Exercise prompt:
Type out the lines below exactly, from the first through the line holding "غطاء سرير مزخرف", and include no pictures.

Data shown:

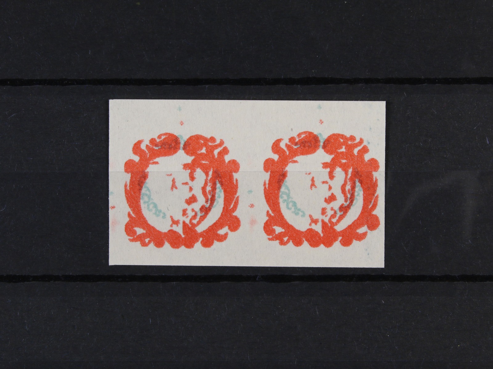 1231 zn. č. 2635 ve dvoupásce, nájezdová makulatura, tisk pouze modrou a červenou barvou, na zn. papíře s lepem, zk. Weissenstein 500
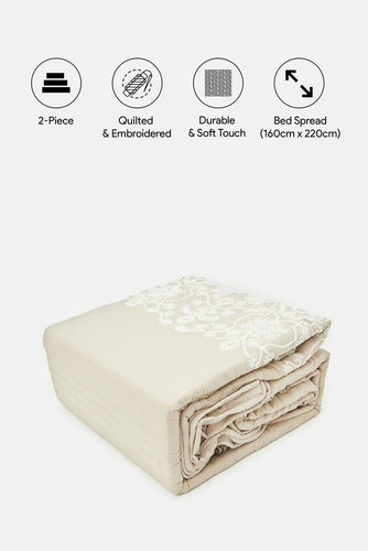 غطاء سرير مزخرف باللون البيج مكون من قطعتين (مقاس مفرد)
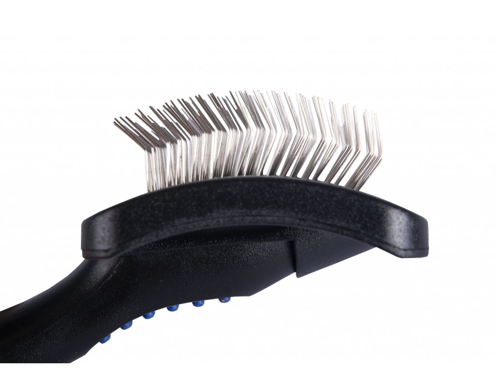 Jedinečné zpracování obsahuje jak dlouhé, tak i krátké tvrdší drátky pro rozčesání obzvláště zacuchané srsti. Použití: dlouhá srst - jemně kartáčujte dlouhými tahy po směru růstu srsti. Pro lepší výsledky si srst rozdělte po vrstvách a začněte odspodu. Kudrnatá srst - jemně kartáčujte dlouhými tahy po směru srsti a následně proti. Věnujte zvýšenou pozornost, kde se srst nejvíce zacuchává, jako jsou místa za ušima, podpaží a bedra. Pro lepší výsledky si srst rozdělte po vrstvách a začněte odspodu. Na závěr pro kontrolu správného rozčesání srsti použijte jednořadý hřeben. Kartáčujte pomalu, abyste zabránili hromadění statické elektřiny. Abyste zabránili zacuchání srsti měla by se srst pravidelně koupat v šamponu a kondicionéru a denně kartáčovat. Rozměry jednotlivých velikostí: velikost S: hmotnost: 52 g, celková délka: 14,5 cm, velikost pracovní části: 6,5 x 4 cm, délka rukojeti: 10 cm, délka delších drátků: 1,4 cm, podložka: tvrdá. Velikost M: hmotnost: 70 g, celková délka: 15,5 cm, velikost pracovní části: 9 x 5 cm, délka rukojeti: 10 cm, délka delších drátků: 1,4 cm, podložka: tvrdá. Velikost L: hmotnost: 98 g, celková délka: 19 cm, velikost pracovní části: 10 x 7 cm, délka rukojeti: 11 cm, délka delších drátků: 1,4 cm, podložka: tvrdá. *Všechny údaje jsou přibližné.Doplňkové parametry
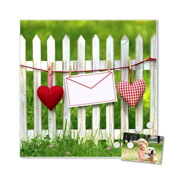 Die banjado Design Magnettafel mit Motiv Motiv Gartenzaun bringt Ordnung in Ihr Zettelchaos. Fotos, Termine, Notizen oder Rezepte lassen Sich hier stilvoll mit Magneten ordnen, Sie behalten alles im Blick. An der Pinnwand halten alle handelsüblichen Magnete. Mit dieser Pinnwand aus Metall haben Sie auch ohne Notizen und Magnete ein schönes Dekoelement. Das Quadratische Format bietet Ihnen ausreichend Platz um alle wichtigen Informationen im Blick zu behalten.

Result of the task:
 1231 zn. č. 2635 ve dvoupásce, nájezdová makulatura, tisk pouze modrou a červenou barvou, na zn. papíře s lepem, zk. Weissenstein 500
 غطاء سرير مزخرف باللون البيج مكون من قطعتين (مقاس مفرد)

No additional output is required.